Problem details: Every line from the one holding "Lnc Ellan 3-lights" through the one holding "耐久性&キズに強いツートンカラー仕上げのキャリーケース" in the data below must be returned exactly, both ends included, with pictures left out and nothing else added.

Raw data:
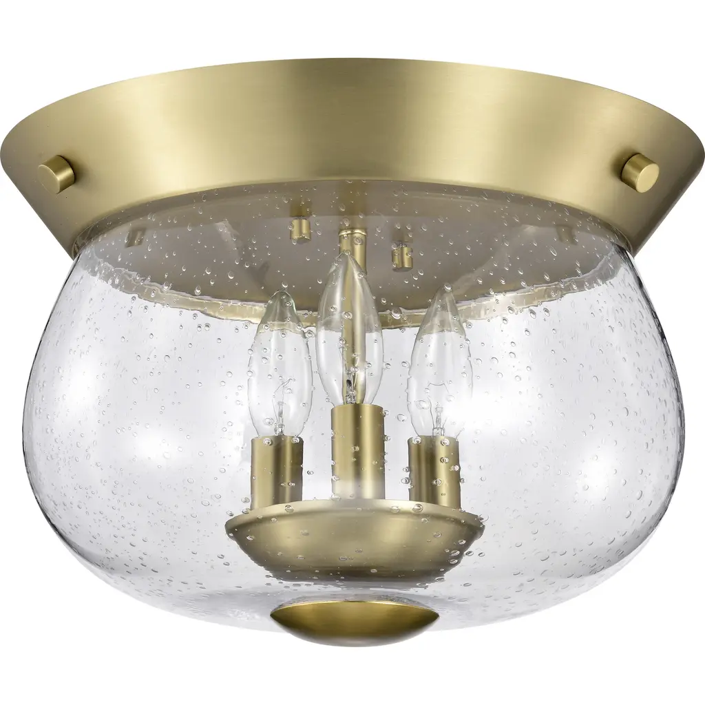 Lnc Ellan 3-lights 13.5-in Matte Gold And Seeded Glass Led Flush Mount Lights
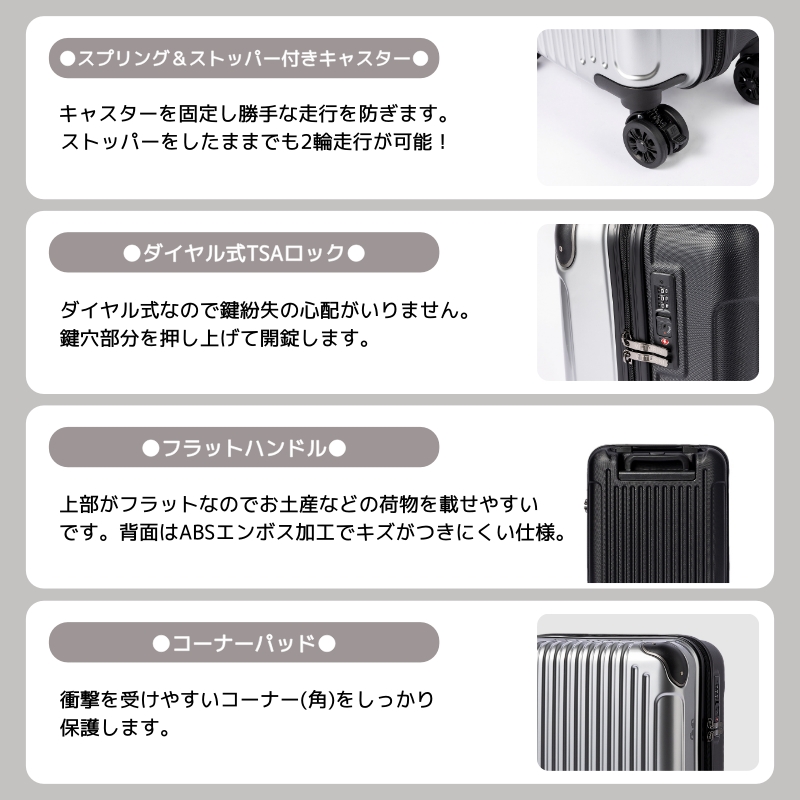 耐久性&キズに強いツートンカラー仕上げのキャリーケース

--

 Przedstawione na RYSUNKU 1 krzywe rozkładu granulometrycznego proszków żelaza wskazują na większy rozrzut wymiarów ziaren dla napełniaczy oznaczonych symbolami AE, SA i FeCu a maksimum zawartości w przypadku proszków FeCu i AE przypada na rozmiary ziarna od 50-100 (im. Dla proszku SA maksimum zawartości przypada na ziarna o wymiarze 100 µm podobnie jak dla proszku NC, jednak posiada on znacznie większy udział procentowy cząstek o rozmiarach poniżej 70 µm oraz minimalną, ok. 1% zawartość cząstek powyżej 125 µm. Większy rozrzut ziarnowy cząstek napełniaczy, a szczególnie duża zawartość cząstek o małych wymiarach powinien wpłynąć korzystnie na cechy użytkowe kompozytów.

Result of the task:
 Lnc Ellan 3-lights 13.5-in Matte Gold And Seeded Glass Led Flush Mount Lights
 耐久性&キズに強いツートンカラー仕上げのキャリーケース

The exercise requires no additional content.